Does this mean that bioethicists cannot compete for authority in the jurisdiction of public policy? No; but it does mean that they will have to function in that arena the same way they do in clinical bioethics—as professionals trained to clarify values and to mediate disagreements rooted in core convictions they do not necessarily share with all parties involved. To this end Evans suggests that bioethicists would be well served by collaborating with social scientists to determine empirically the values that citizens deploy in thinking about novel technologies. At that point, he foresees, “bioethicists would do what bioethicists who use principlism are good at—weighing and balancing conflicting principles and determining if the means in question…maximizes those principles.” As a profession, Evans believes, bioethics should not be in the business of advocating public policy on the basis of a thinned-out conception of the good that does not take into account values widely held in society in general. If, for example, the profession of bioethics took religious concerns about technology as seriously as it should, bioethicists would say no to emerging technology much more frequently than they currently do.
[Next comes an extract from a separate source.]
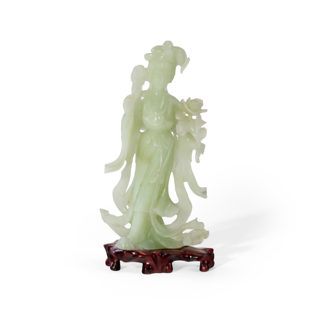 Pietra verde chiaro, la figura stante su base in legno.
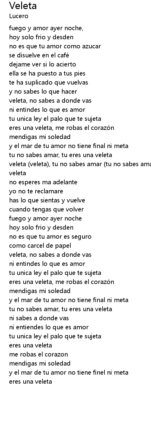 | veleta veleta, tu no sabes amar tu no sabes amar tu eres una | |

The History and Future of Bioethics is an exceptionally insightful source of perspective on the formation of the field over the decades. On the prescriptive side, it clearly recommends a chastened bioethics. “Don’t call yourself a bioethicist when you publish an op-ed piece endorsing stem-cell research or therapeutic cloning” is Evans’s message to folks like me. I’m not sure I like being stripped of my chosen designation, and by a sociologist no less. On the other hand, if philosophers are willing to relinquish that designation and hand it over to those who have no degree in the discipline but are nonetheless seeking wisdom, I’d be happy to call myself a philosopher.